SystemProperties.java ----> android_os_SystemProperties.cpp ----> properties.cpp ----> system_properties.cpp
native_get --> SystemProperties_getSS --> property_get --> __system_property_get --> __system_property_find
const prop_info* __system_property_find(const char* name) {
if (!__system_property_area__) {//1
return nullptr;
}
prop_area* pa = get_prop_area_for_name(name);
if (!pa) {
async_safe_format_log(ANDROID_LOG_ERROR, "libc", "Access denied finding property \"%s\"", name);
return nullptr;
}
return pa->find(name);
}
注释1:__system_property_area__是从这里找对应的值
我们回到属性服务初始化的地方
init.cpp --> property_service.cpp --> system_properties.cpp
main --> property_init --> __system_property_area_init
int __system_properties_init() {
// This is called from __libc_init_common, and should leave errno at 0 (http://b/37248982).

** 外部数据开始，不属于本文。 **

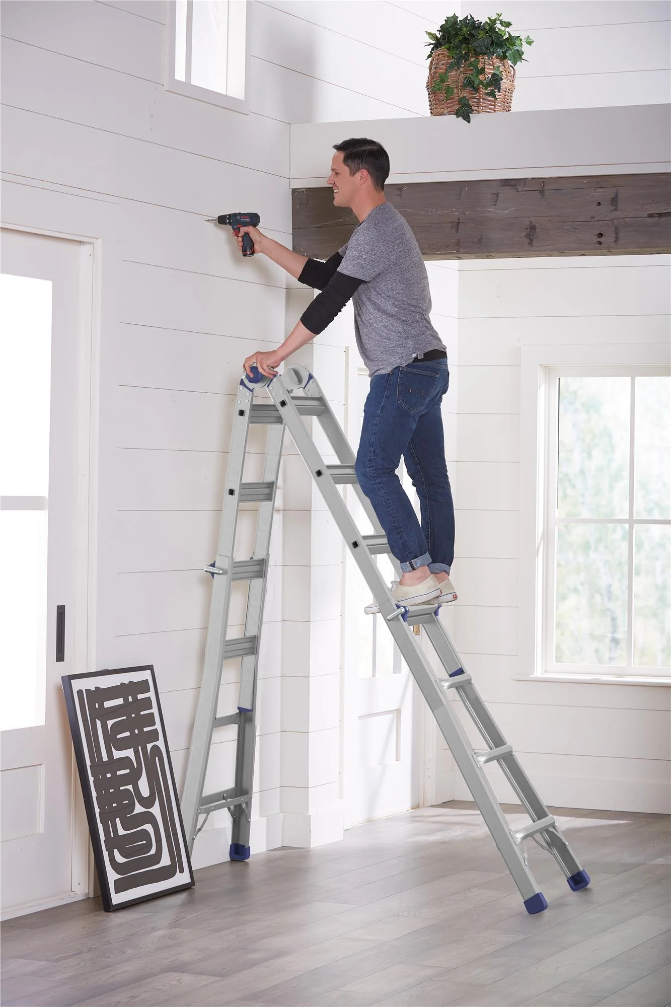 - CONVENIENT - Five ladders in one - Step ladder, Extension ladder, Scaffold, Stairway ladder, and Wall ladder
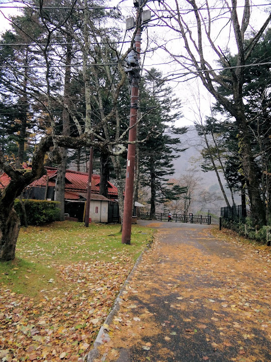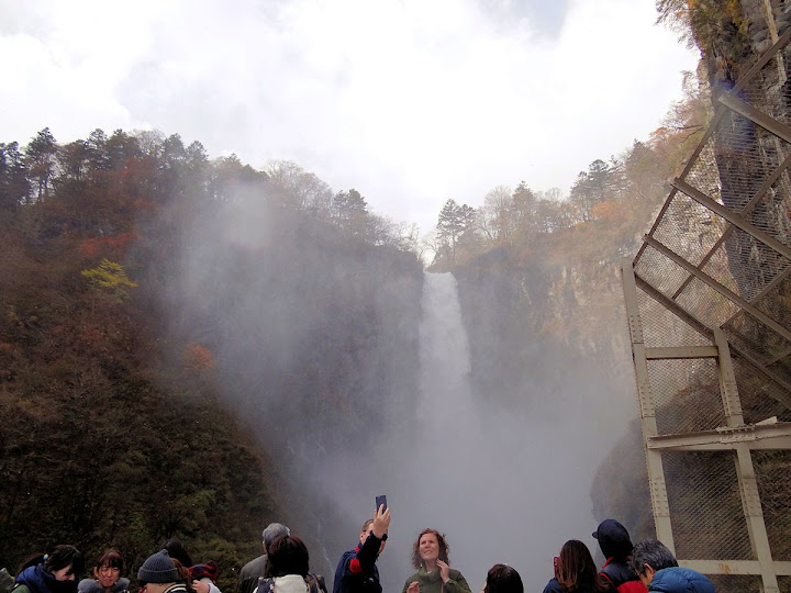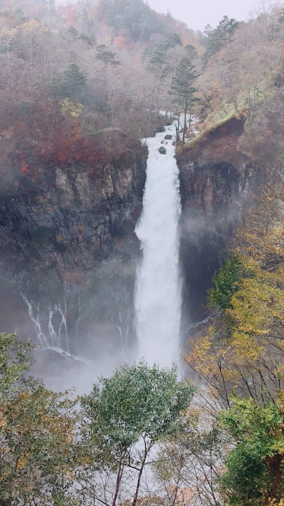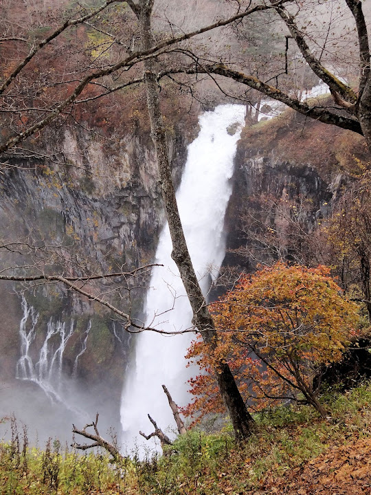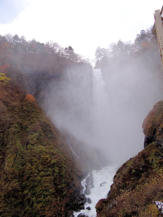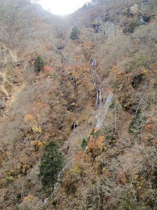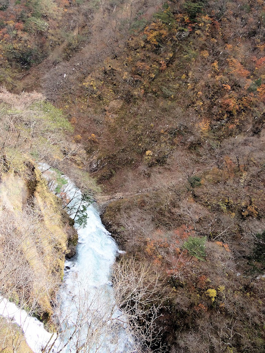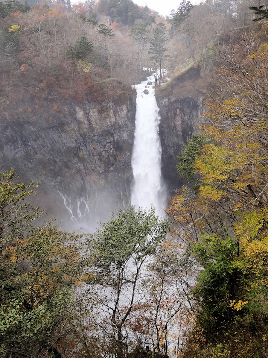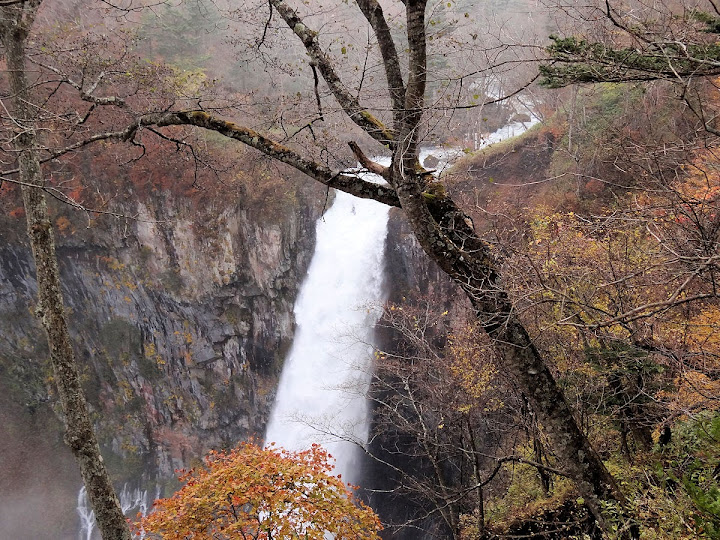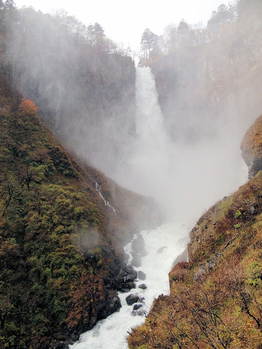原做為中禪寺湖最後一站,因為頂不過大風,提早被推送到此地。華嚴瀑布落差近一百米,除了名頭最響亮的「日本三名瀑」之外,什麼日光三名瀑、奥日光三名瀑,也都少不了一份。四季景致不同,秋天紅葉之外,冬季更可觀賞冰瀑。至於秋冬之交呢,有點尷尬,那便是本文了。不過瀑底仰望的氣勢倒是不變,開頭幾張圖片,是搭乘電梯垂降到谷底的下觀景台所拍,先體會一下氣場。 有下觀景台,自然便有上觀景台。後者由中禪寺溫泉駅步行五分鐘即到,大風推送更快。上下觀景台之間據說原本有步道,然而一則因為谷地岩壁由男體山噴發物形成,結構鬆散,有安全疑慮;二則雖然附近大小瀑布的名稱都出自佛經,乃佛教聖地,但同時也是日本的自殺勝地,當局有意防範;最後,近卅層樓的高低差,也不是一般老弱婦孺能夠輕易達陣的。因此在兩個觀景台之間設有電梯,花個550日圓(時價請看官網)便可去回。對趕時間的遊客,更是何樂不為。
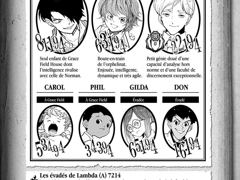 The Promised Neverland (Yakusoku no Neverland) est une série toujours en cours de parution au Japon et qui a connu vingt tomes aux éditions Shueisha. À Grace Field House, la vie ne pourrait pas être meilleure pour les orphelins ! Bien qu'ils n'aient pas de parents, avec les autres enfants et une gentille "Maman" qui s'occupe d'eux, ils forment une grande famille heureuse. Aucun enfant n'est jamais négligé, d'autant plus qu'ils ont tous été adoptés à l'âge de 12 ans. Leur quotidien est soumis à des tests rigoureux, mais ils sont ensuite autorisés à jouer à l'extérieur. Ils doivent obéir à une seule règle : ne pas quitter l'orphelinat. Mais un jour, Emma et Norman, deux des orphelins les mieux notés, s'aventurent derrière la porte et découvrent la réalité horrible qui les anime : ils sont tous du bétail et leur orphelinat est une ferme où est cultivé la nourriture pour une mystérieuse race de démons. Alors qu'il ne leur reste que quelques mois pour mettre en place un plan d'évacuation, les enfants doivent en quelque sorte changer leur destin. The Promised Neverland est une série plutôt unique dans un magazine comme le Weekly Shonen Jump. Bien sûr, il y a de jeunes protagonistes, de nombreuses scènes d'action et des éléments surnaturels qui abondent, mais il y a aussi un élément de thriller intense. Tout autant qu'un conflit a lieu mentalement comme physiquement.
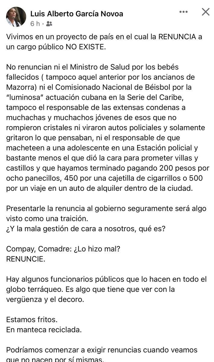 “Vivimos en un proyecto de país, en el cual la renuncia a un cargo público no existe”, aseguró el actor a través de su cuenta de Facebook. Así mismo, añadió que “No renuncian ni el ministro de Salud por los bebés ‘fallecidos’ (tampoco aquel anterior por los ancianos de Mazorra) ni el Comisionado Nacional de Béisbol por la ‘luminosa’ actuación cubana en la Serie del Caribe”, refiere en la publicación.
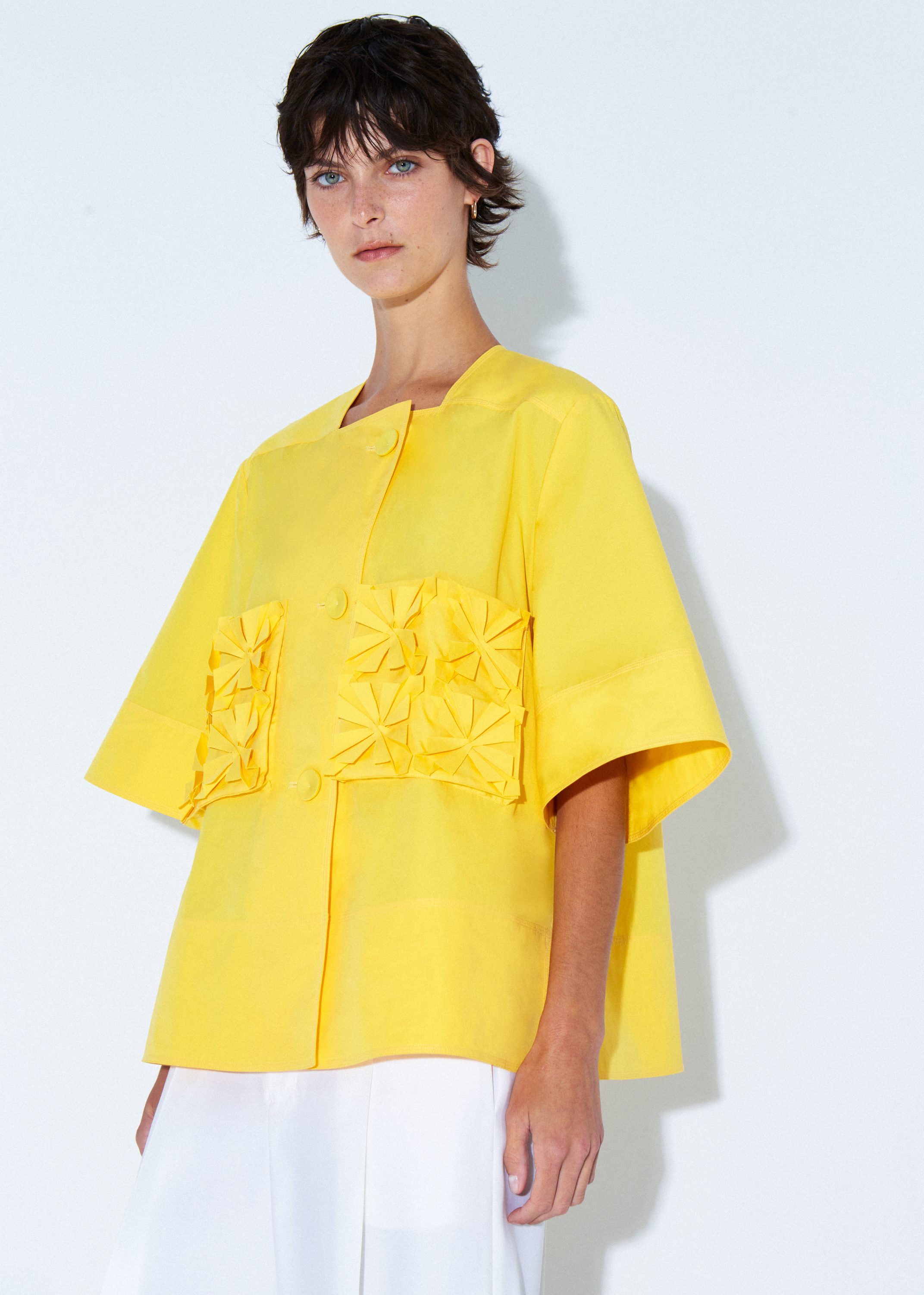 Cotton shirt with demi-length sleeves and a square neckline, featuring origami flower panels on both sides and three statement buttons at the front.

ErrnoRestorer errno_restorer;
if (initialized) {
list_foreach(contexts, [](context_node* l) { l->reset_access(); });
return 0;
}
if (is_dir(property_filename)) {//1
if (!initialize_properties()) {
return -1;
}
if (!map_system_property_area(false, nullptr)) {//2
free_and_unmap_contexts();
return -1;
}
} else {
__system_property_area__ = map_prop_area(property_filename);//3
if (!__system_property_area__) {
return -1;
}
list_add(&contexts, "legacy_system_prop_area", __system_property_area__);
list_add_after_len(&prefixes, "*", contexts);
}
initialized = true;
return 0;
}
注释1:property_filename 就是 PROP_FILENAME "/dev/__properties__"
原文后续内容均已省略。